**WHAT IS NEEDED:** Provide an exact copy of the data, excluding the images.

(Source records)
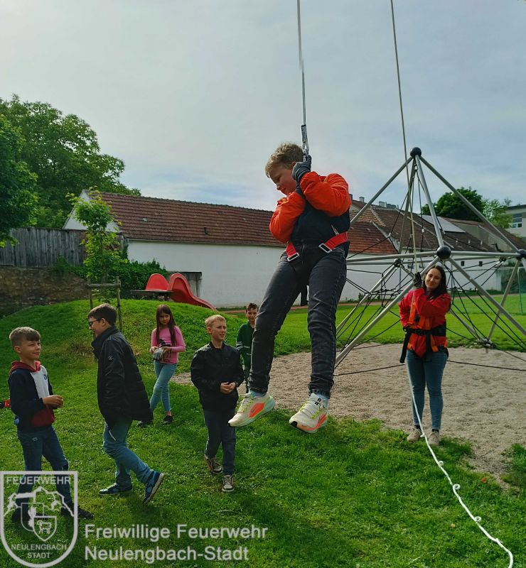 Geschicklichkeit und Schnelligkeit waren beim Parcours und Tic-Tac-Toe gefragt. Beim Knotenbinden zeigten die Kinder, was sie im Feuerwehrdienst schon gelernt hatten. Ein Rettungsauto konnte genau unter die Lupe genommen werden, ebenso wie die Einsatzbekleidung, die auch ausprobiert wurde. Die Notrufnummern wurden wiederholt und das richtige Absetzen eines Notrufs geübt. Mit dem hydraulischen Rettungsgerät und Hebekissen wurde das Gleichgewicht getestet. Zwischendurch blieb auch Zeit zum Fangen spielen und für den Austausch der Betreuer:innen. Zum Abschluss gab es für jedes Kind ein Goodybag und für jede Gruppe eine Urkunde.
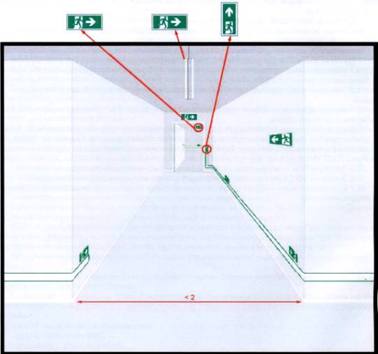 Рисунок 3 - Пример указателя направления к обозначению этажа и напольной разметке 6.5.3 Точное значение указателя направления всегда зависит от места установки. Особое внимание должно быть обращено на изменение направления движения, на обозначение промежуточных дверей, через которые люди проходят вдоль маршрута эвакуации и на маршруте эвакуации, требующие перехода на верхний уровень в здании. 6.6 Знаки маршрута эвакуации и указателей направления к ближайшему выходу или площадке безопасности 6.6.1 За ожидаемый период эксплуатации знаки маршрута эвакуации и указателей направления должны давать четкую, заметную и однозначную информацию о направлениях, видную со всех возможных мест маршрута эвакуации и с прилегающих участков. Эти знаки маршрута эвакуации и указателей направления должны следовать вплоть до безопасных участков или площадок сбора. Чтобы исключить замешательство и неуверенность, визуальная презентация направляющих линий должна быть как можно более непрерывной, а количество мест разрыва минимальным. 6.6.2 Компоненты системы указания направления должны быть расположены так, чтобы помочь избежать возможных рисков для людей. 6.6.3 Высокорасположенные знаки выхода должны быть установлены на всех выходах, предназначенных для использования в чрезвычайных ситуациях, а также там, где необходимо, вдоль маршрута эвакуации, для указания направления к следующему выходу, безопасному участку, площадке сбора, а также, чтобы указывать положение маршрута эвакуации для людей в прилегающих участках. Там, где в пределах видимости невозможно прямое наблюдение знака эвакуационного выхода, должны быть указатели направления к выходу, чтобы помогать движению к эвакуационному выходу. Максимальное расстояние между знаками маршрута эвакуации должно быть 5 м. Указатели направления могут быть укреплены на стене или подвешены для обеспечения точной информации о направлении. Напольные указатели направления должны быть такими, как на рисунке 3. Дополнительная информация, такая как расстояние до выходов и разметка второстепенного пути, может быть включена в направляющие линии. Размер указателей направления на низкорасположенных направляющих линиях должен быть таким же, что и направляющие линии пути, не менее 50 мм. 6.6.4 Низкорасположенные направляющие линии с информацией о направлении должны быть размещены в дополнение к высокорасположенным знакам вдоль всего пути для его четкого обозначения. Разрывы не должны превышать 0,2 м, если только вдоль маршрута эвакуации нет дверей; в противном случае напольная или настенная направляющая линия может быть прервана с максимальным разрывом 1 м, или эти линии должны быть продолжены обводом на полу перед дверью. Створки дверей никогда не должны помечаться направляющей линией. Максимальная высота низкорасположенных знаков должна быть выше уровня пола на 0,4 м. Если низкорасположенная направляющая линия прерывается, ее можно продолжить на полу на протяжении этого разрыва. Указатели направления, как показано на рисунках 1 и 2, должны быть расположены с максимальными интервалами через каждые 5 м, а в критических точках, - как перекрестки и изменения направления, и чаще - вдоль всей длины направляющей линии. Указатели направления могут находиться прямо на стене, когда напольная направляющая линия нах
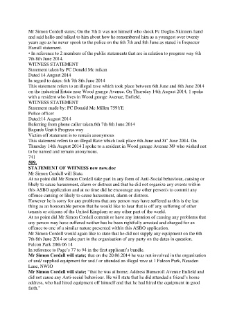 Mr Simon Cordell will state; “that he was at home; Address Burncroft Avenue Enfield and
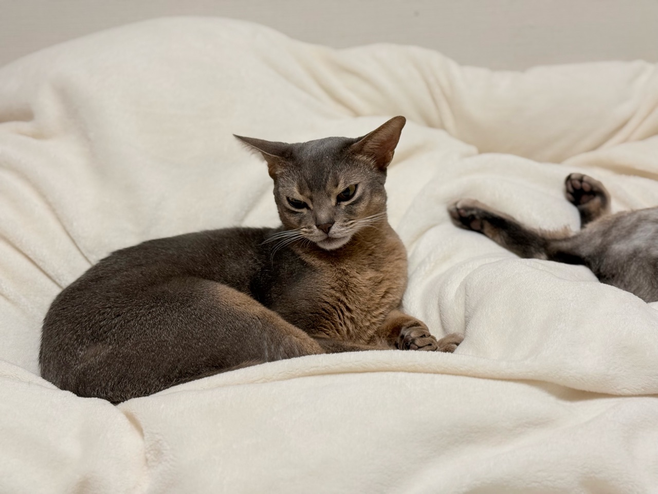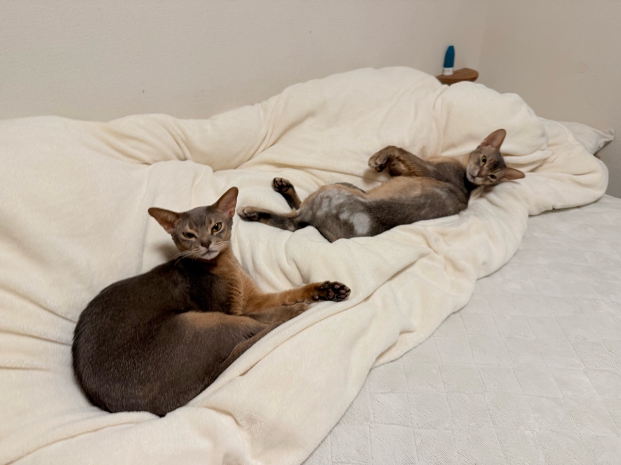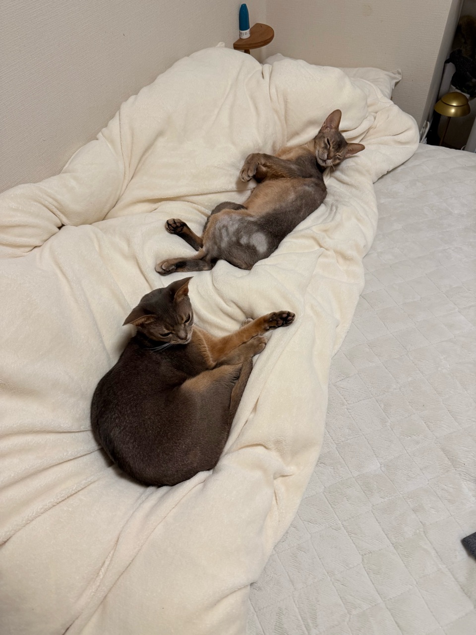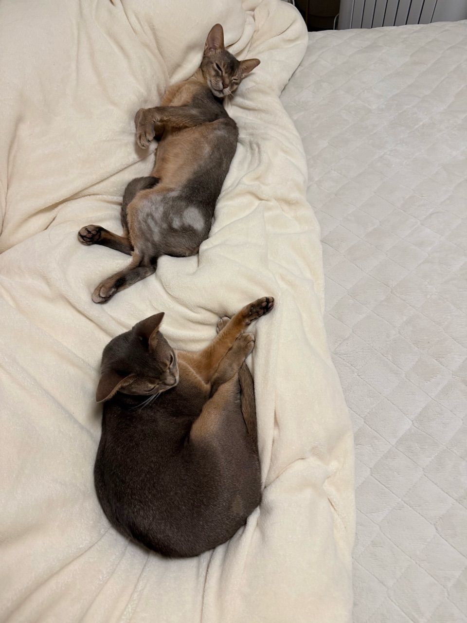 お布団の上に猫の影2つ。
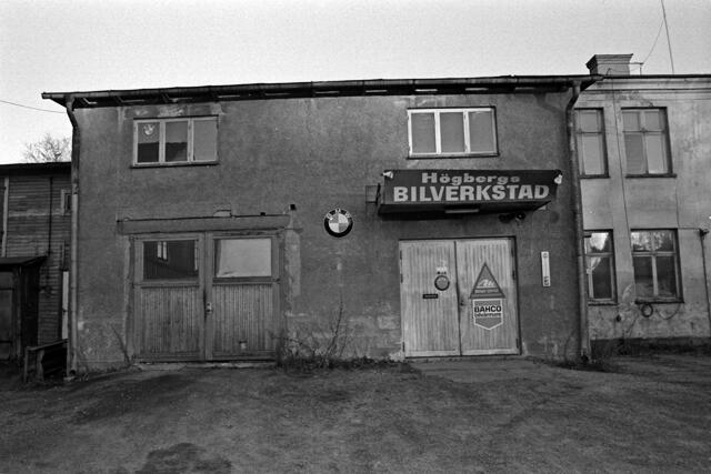 Titel: Högbergs bilverkstad; Kvarteret Briggen 4, fasad mot Nordväst
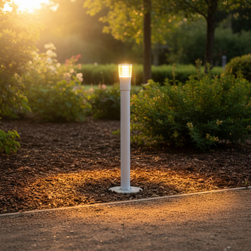 This commercial grade bollard light offers a robust and architecturally refined outdoor lighting solution engineered for durability and efficiency. Constructed from high-quality die-cast aluminium with a powder-coated white finish, the luminaire exhibits strong resistance to corrosion and environmental degradation, making it ideal for prolonged external use. Its clean cylindrical geometry and conical head provide a sleek, modern silhouette that complements both commercial and high-end residential landscapes. The IP54 rating ensures protection against dust ingress and water splashes, offering weather-resistant reliability across diverse outdoor environments.
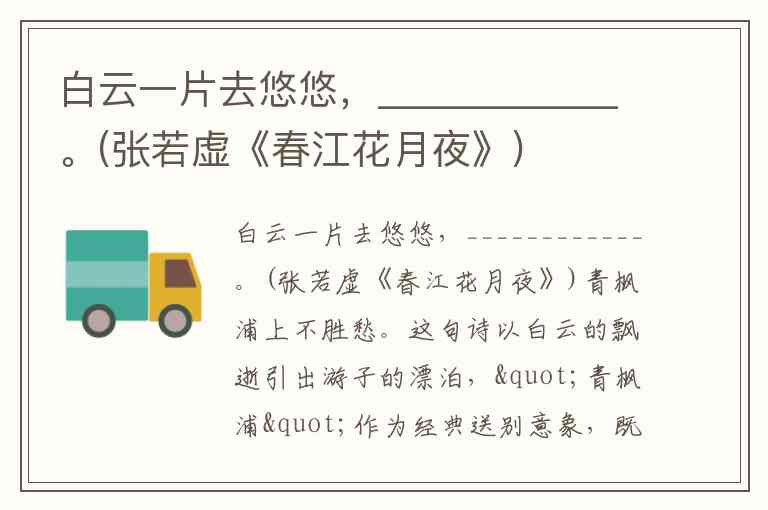 青枫浦上不胜愁。这句诗以白云的飘逝引出游子的漂泊,"青枫浦"作为经典送别意象,既呼应了前文"白云"的飘荡感,又通过"不胜愁"将自然景象与游子思妇的离愁别绪紧密相连,展现了《春江花月夜》以景喻情、情景交融的艺术特色。全诗正是通过这样的意象串联,将游子思妇的离愁别绪置于春江月夜的广阔背景中,创造出空灵澄澈又情意绵邈的美学境界。
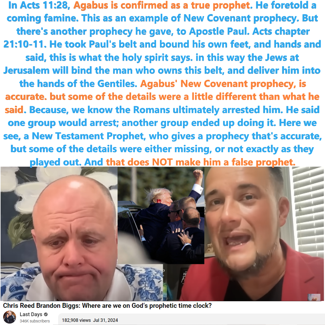 5:00 – Chris: but there’s another prophecy he gave. one is international. the other one was a personal prophetic word. and that is he gave that prophetic word to the Apostle Paul. and I just want to read it to you, Acts chapter 21:10-11. as we were staying there, in cesaria Philippi, for some days, a prophet named agabus came down from Judea. And coming to us, he took Paul’s belt and bound his own feet, and hands and said, this is what the holy spirit says. in this way the Jews at Jerusalem will bind the man who owns this belt, and deliver him into the hands of the Gentiles. So, the overall gist of Agabus’ New Covenant prophecy, is accurate. but the truth is, some of the details were a little different than what he said. does that make him a false prophet? absolutely not! because the Bible, the infallible inspired word of God, calls him a prophet. but there were some of the details about who would arrest him, and how that would happen, were a little bit different than the details that he gave. Because, we know the Romans ultimately arrested him. And I think that’s important. And so he said one group would arrest, another group ended up doing it. so this puts those who don’t believe in the gifts of the Spirit, in a real bad spot. because here we see, a New Covenant Prophet, a new testament Prophet, who gives a prophecy that’s accurate, but some of the details were either missing, or not exactly as they played out. and that does NOT make him a false prophet.
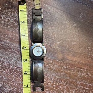 This beautiful watch has a copper-brushed dial in a round case. The band is made of nickel-free solid jeweler’s brass with copper trim overlap and a sterling wave design.
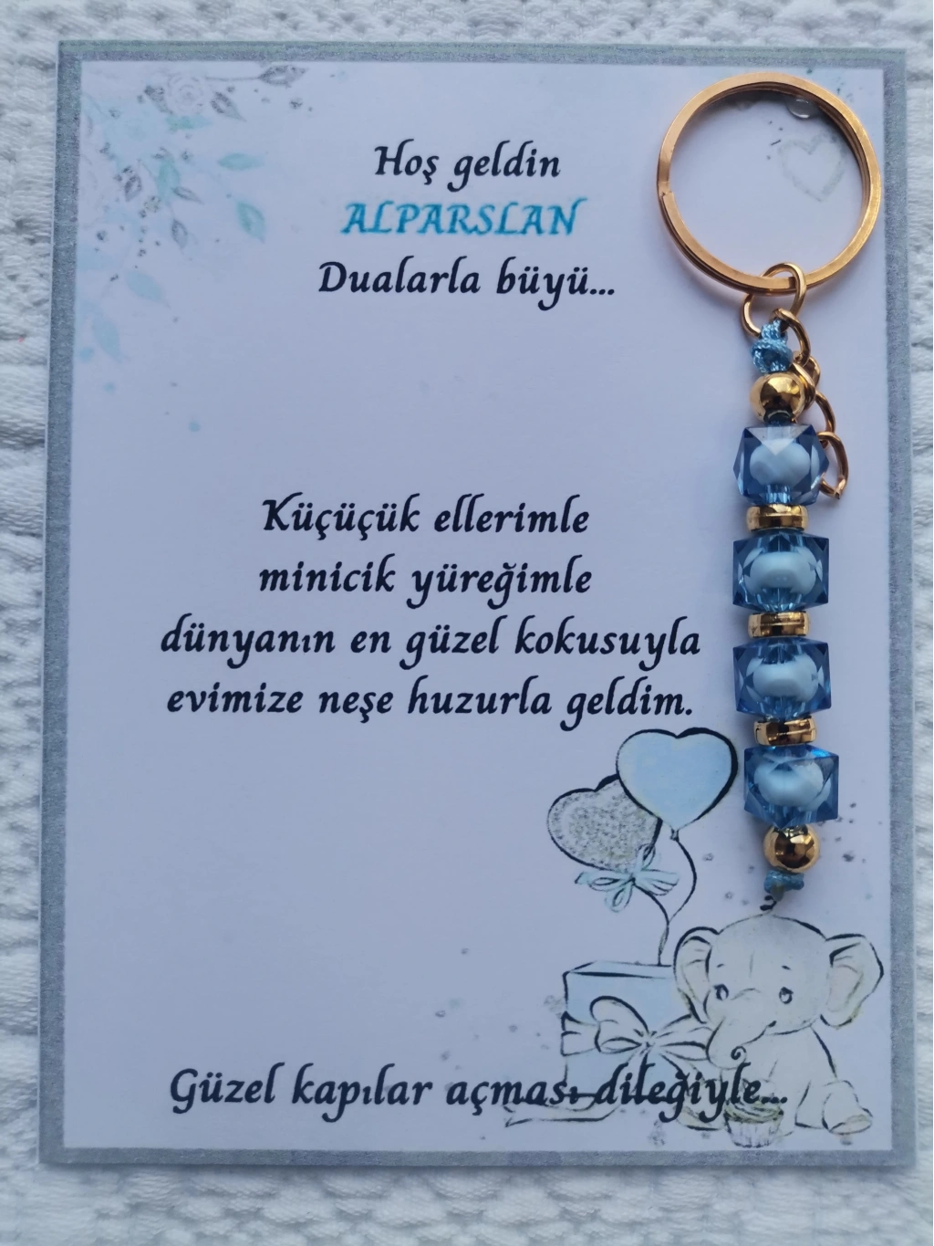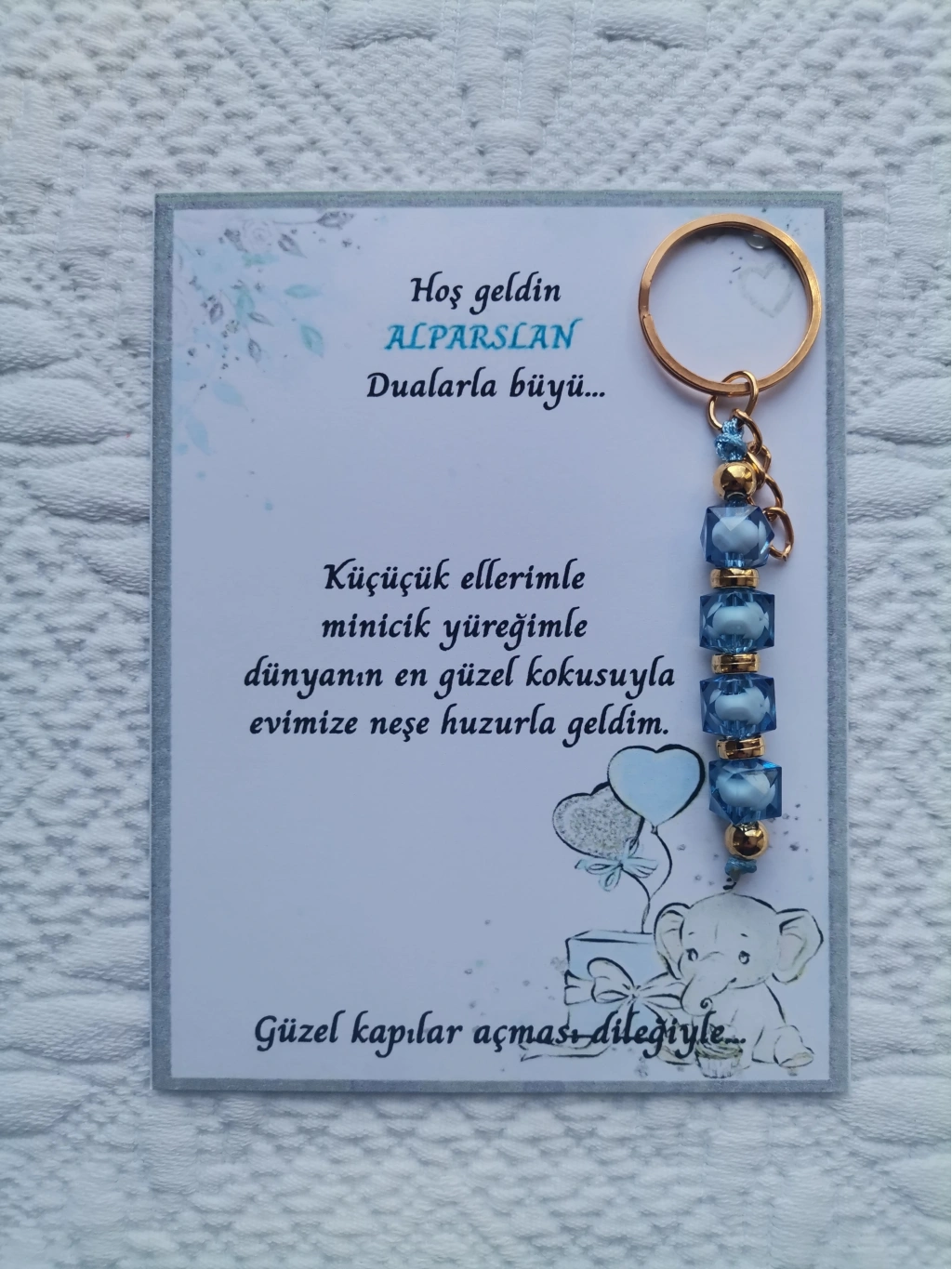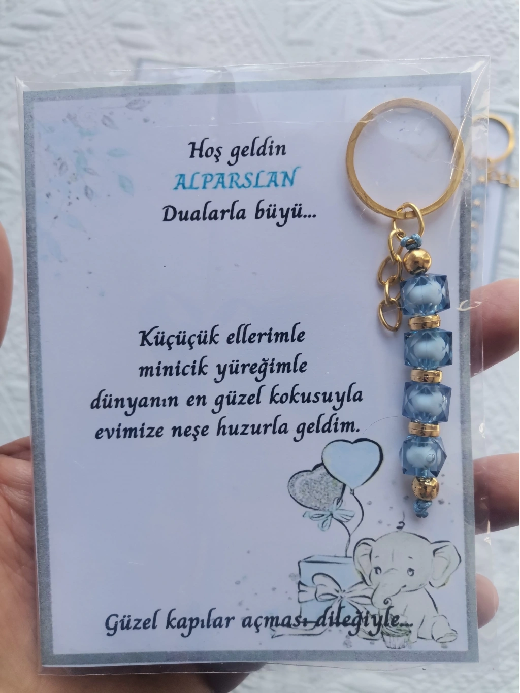 32 adet MAVİ anahtarlık, dualarla büyülü mesajlarla süslenmiş, hastane ve yeni doğan bebeklerinize özel olarak tasarlanmıştır.
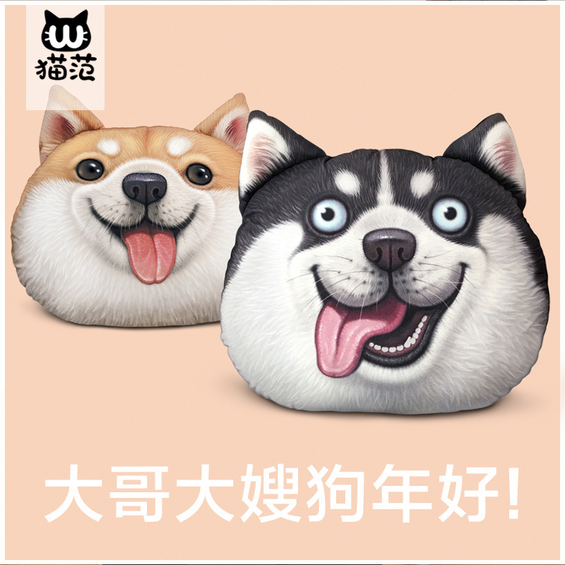 3D二哈抱枕doge神烦狗头靠垫哈士奇暖手座椅腰靠床头靠枕沙发靠背

**RESPONSE TO THE EXERCISE:**
 Geschicklichkeit und Schnelligkeit waren beim Parcours und Tic-Tac-Toe gefragt. Beim Knotenbinden zeigten die Kinder, was sie im Feuerwehrdienst schon gelernt hatten. Ein Rettungsauto konnte genau unter die Lupe genommen werden, ebenso wie die Einsatzbekleidung, die auch ausprobiert wurde. Die Notrufnummern wurden wiederholt und das richtige Absetzen eines Notrufs geübt. Mit dem hydraulischen Rettungsgerät und Hebekissen wurde das Gleichgewicht getestet. Zwischendurch blieb auch Zeit zum Fangen spielen und für den Austausch der Betreuer:innen. Zum Abschluss gab es für jedes Kind ein Goodybag und für jede Gruppe eine Urkunde.
 Рисунок 3 - Пример указателя направления к обозначению этажа и напольной разметке 6.5.3 Точное значение указателя направления всегда зависит от места установки. Особое внимание должно быть обращено на изменение направления движения, на обозначение промежуточных дверей, через которые люди проходят вдоль маршрута эвакуации и на маршруте эвакуации, требующие перехода на верхний уровень в здании. 6.6 Знаки маршрута эвакуации и указателей направления к ближайшему выходу или площадке безопасности 6.6.1 За ожидаемый период эксплуатации знаки маршрута эвакуации и указателей направления должны давать четкую, заметную и однозначную информацию о направлениях, видную со всех возможных мест маршрута эвакуации и с прилегающих участков. Эти знаки маршрута эвакуации и указателей направления должны следовать вплоть до безопасных участков или площадок сбора. Чтобы исключить замешательство и неуверенность, визуальная презентация направляющих линий должна быть как можно более непрерывной, а количество мест разрыва минимальным. 6.6.2 Компоненты системы указания направления должны быть расположены так, чтобы помочь избежать возможных рисков для людей. 6.6.3 Высокорасположенные знаки выхода должны быть установлены на всех выходах, предназначенных для использования в чрезвычайных ситуациях, а также там, где необходимо, вдоль маршрута эвакуации, для указания направления к следующему выходу, безопасному участку, площадке сбора, а также, чтобы указывать положение маршрута эвакуации для людей в прилегающих участках. Там, где в пределах видимости невозможно прямое наблюдение знака эвакуационного выхода, должны быть указатели направления к выходу, чтобы помогать движению к эвакуационному выходу. Максимальное расстояние между знаками маршрута эвакуации должно быть 5 м. Указатели направления могут быть укреплены на стене или подвешены для обеспечения точной информации о направлении. Напольные указатели направления должны быть такими, как на рисунке 3. Дополнительная информация, такая как расстояние до выходов и разметка второстепенного пути, может быть включена в направляющие линии. Размер указателей направления на низкорасположенных направляющих линиях должен быть таким же, что и направляющие линии пути, не менее 50 мм. 6.6.4 Низкорасположенные направляющие линии с информацией о направлении должны быть размещены в дополнение к высокорасположенным знакам вдоль всего пути для его четкого обозначения. Разрывы не должны превышать 0,2 м, если только вдоль маршрута эвакуации нет дверей; в противном случае напольная или настенная направляющая линия может быть прервана с максимальным разрывом 1 м, или эти линии должны быть продолжены обводом на полу перед дверью. Створки дверей никогда не должны помечаться направляющей линией. Максимальная высота низкорасположенных знаков должна быть выше уровня пола на 0,4 м. Если низкорасположенная направляющая линия прерывается, ее можно продолжить на полу на протяжении этого разрыва. Указатели направления, как показано на рисунках 1 и 2, должны быть расположены с максимальными интервалами через каждые 5 м, а в критических точках, - как перекрестки и изменения направления, и чаще - вдоль всей длины направляющей линии. Указатели направления могут находиться прямо на стене, когда напольная направляющая линия нах
 Mr Simon Cordell will state; “that he was at home; Address Burncroft Avenue Enfield and
 お布団の上に猫の影2つ。
 Titel: Högbergs bilverkstad; Kvarteret Briggen 4, fasad mot Nordväst
 This commercial grade bollard light offers a robust and architecturally refined outdoor lighting solution engineered for durability and efficiency. Constructed from high-quality die-cast aluminium with a powder-coated white finish, the luminaire exhibits strong resistance to corrosion and environmental degradation, making it ideal for prolonged external use. Its clean cylindrical geometry and conical head provide a sleek, modern silhouette that complements both commercial and high-end residential landscapes. The IP54 rating ensures protection against dust ingress and water splashes, offering weather-resistant reliability across diverse outdoor environments.
 青枫浦上不胜愁。这句诗以白云的飘逝引出游子的漂泊,"青枫浦"作为经典送别意象,既呼应了前文"白云"的飘荡感,又通过"不胜愁"将自然景象与游子思妇的离愁别绪紧密相连,展现了《春江花月夜》以景喻情、情景交融的艺术特色。全诗正是通过这样的意象串联,将游子思妇的离愁别绪置于春江月夜的广阔背景中,创造出空灵澄澈又情意绵邈的美学境界。
 5:00 – Chris: but there’s another prophecy he gave. one is international. the other one was a personal prophetic word. and that is he gave that prophetic word to the Apostle Paul. and I just want to read it to you, Acts chapter 21:10-11. as we were staying there, in cesaria Philippi, for some days, a prophet named agabus came down from Judea. And coming to us, he took Paul’s belt and bound his own feet, and hands and said, this is what the holy spirit says. in this way the Jews at Jerusalem will bind the man who owns this belt, and deliver him into the hands of the Gentiles. So, the overall gist of Agabus’ New Covenant prophecy, is accurate. but the truth is, some of the details were a little different than what he said. does that make him a false prophet? absolutely not! because the Bible, the infallible inspired word of God, calls him a prophet. but there were some of the details about who would arrest him, and how that would happen, were a little bit different than the details that he gave. Because, we know the Romans ultimately arrested him. And I think that’s important. And so he said one group would arrest, another group ended up doing it. so this puts those who don’t believe in the gifts of the Spirit, in a real bad spot. because here we see, a New Covenant Prophet, a new testament Prophet, who gives a prophecy that’s accurate, but some of the details were either missing, or not exactly as they played out. and that does NOT make him a false prophet.
 This beautiful watch has a copper-brushed dial in a round case. The band is made of nickel-free solid jeweler’s brass with copper trim overlap and a sterling wave design.
 32 adet MAVİ anahtarlık, dualarla büyülü mesajlarla süslenmiş, hastane ve yeni doğan bebeklerinize özel olarak tasarlanmıştır.
 3D二哈抱枕doge神烦狗头靠垫哈士奇暖手座椅腰靠床头靠枕沙发靠背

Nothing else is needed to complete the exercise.